Through simulations, I have developed several alternatives to random sib-matings to dramat- ically accelerate the creation of RILs by as much as 16 generations. These include the judicious use of parental backcrossing and the selection of mating pairs based on genotypes from genome- wide SNPs. Both of these techniques, when applied after the point of peak diversity is reached, result in a negligible reduction in the number of segments. I also propose an advanced intercross variant in which MAI is applied during the early generations to increase the number of haplotype segments for better mapping resolution.
In simulation I also have the luxury of assuming uniform litter sizes and equal sex ratios, but in reality the fecundity of a RIL and the sex-balance of litters are complicating issues. As lines become more inbred, fertility generally decreases [53]. One way to address this is to use backcrosses as discussed previously. However fertility issues might override the choice of “best breeding pair”. To address this problem I calculate backups that, when used, may extend the number of generations required to achieve fixation.
Taking fertility into account and prioritizing for the preservation of the lines, how do I select the final breeders? WSM optimizes for becoming inbred in one generation, but it might be more advantageous in the early MAI generations to select for animals whose probability to become inbred in two or more generations is maximized. However, in simulations, the two-generation metric generally chooses the same breeding pairs as the single-generation model, leading to the same number of generations to achieve fixation. Once lines reach small levels of residual heterozygosity, it might also be advantageous to maintain multiple breeding pairs selected to produce compatible offspring, which are more like sib-pairs than cousin-pairs. This provides more pair options, as well as a chance to compensate for uneven sex ratios or small litter sizes. Although it seems best to choose the optimal breeding pairs early on, finding good pairs near the end-game (in order to fix the last 1%-2% of the genome) is a harder problem. The last few heterozygous regions can take several generations to fix if compatible breeding pairs do not exist. Trying to fix the last 1%-2% of the genome is difficult since it may take 1-2 generations for each residual heterozygous region to become fixed. It is unlikely that two compatible breeders will exist that are able to produce offspring in which each of the remaining regions is fixed.

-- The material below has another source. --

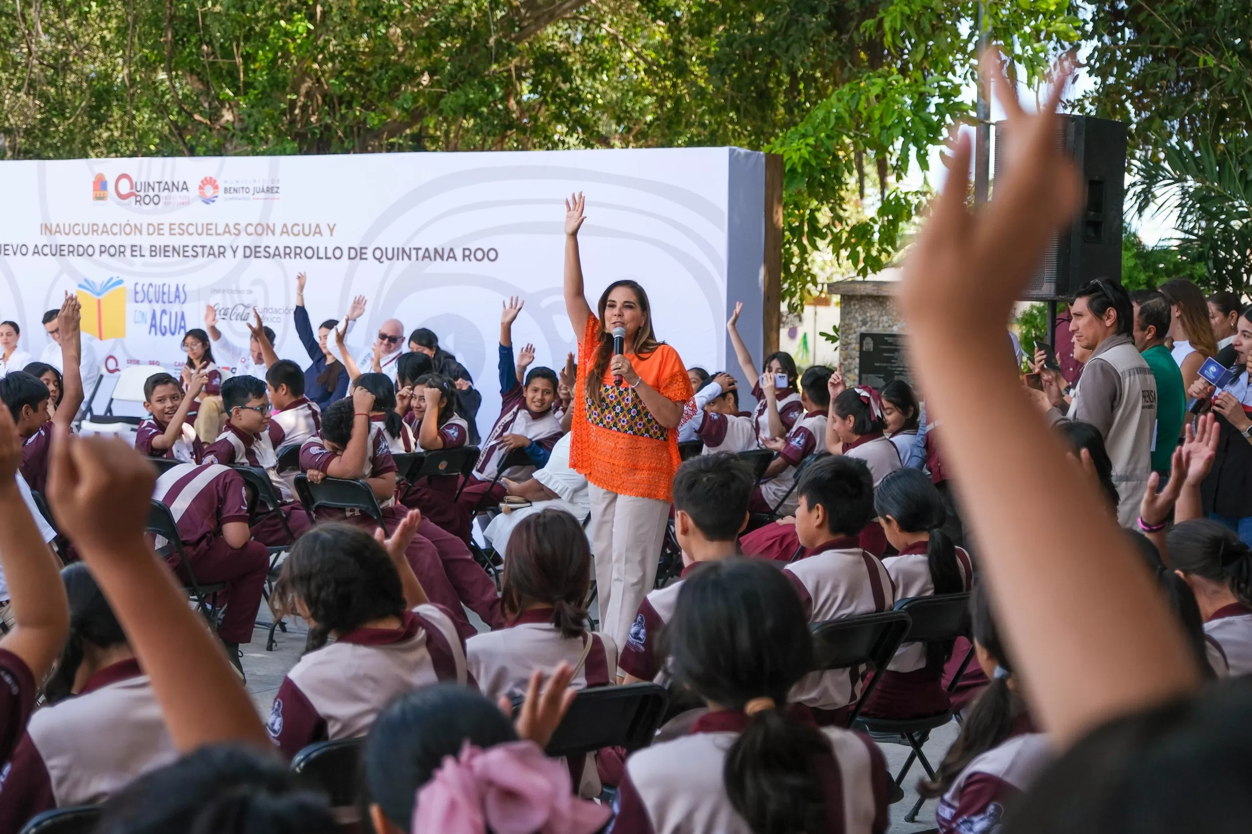 En la escuela secundaria técnica 35 “José Guadalupe Posada”, en Cancún, y con la presencia del director general de la Fundación Coca Cola México, Rodrigo Feria Cano, y del gerente de Innovación y Tecnología Institucional de la CONAGUA, Amílcar Ganado Díaz, la gobernadora Mara Lezama agradeció la colaboración y compromiso con el pueblo de Quintana Roo: “su apoyo es una semilla de esperanza que dará frutos en cada escuela, en cada hogar, en cada comunidad”.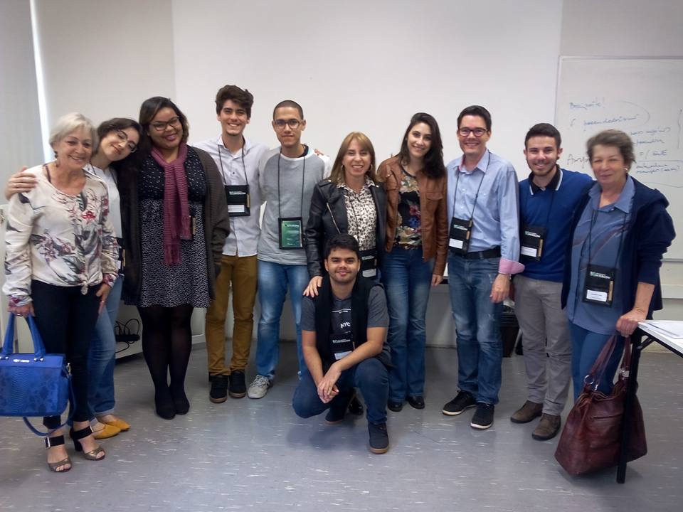 Apresentações nas Divisões Temáticas de Comunicação Audiovisual (acima, à esq.), Estudos Interdisciplinares (acima, à dir.), Relação Públicas e Comunicação Organizacional (na sequência, à esq), Publicidade e Propaganda (na sequência, à dir.), Multimídia (na sequência, à esq.), Interfaces Comunicacionais (na sequência, à dir.) e Comunicação, Espaço e Cidadania (na sequência, à esq.). À dir., autores de trabalhos de Relações Públicas, que fizeram parte da programação do Intercom Júnior, posam para foto.

The simulation software used in this analysis is available for download from http://sourceforge.net/p/breedingsim/. It has been adapted for many uses other than marker as- sisted inbreeding such as estimating the significance of measured statistics in the developing CC [17].
side of this work, MUGA and MegaMUGA. I will discuss their design principles as well as their performance metrics.
CHAPTER4: DESIGNING MICRO-ARRAYS FOR MAXIMUM INFORMATIVENESS Genotyping arrays have long been used to characterize the underlying DNA within partic- ular regions of interest in model organisms. More recently, it has become cost-effective to use full-genome genotyping arrays, rather than targeted arrays. These microarrays have the benefit of only needing to be designed once, but can be used for many experiments. When designed properly, these genotyping arrays can be used to distinguish between most population diversity within each area of the genome. However, to make these arrays useful in most experiments they need to be cost-effective and widely-available as well as informative. To be cost-effective, these arrays can only contain a set amount of SNPs based on the cost of the technology at the time of design.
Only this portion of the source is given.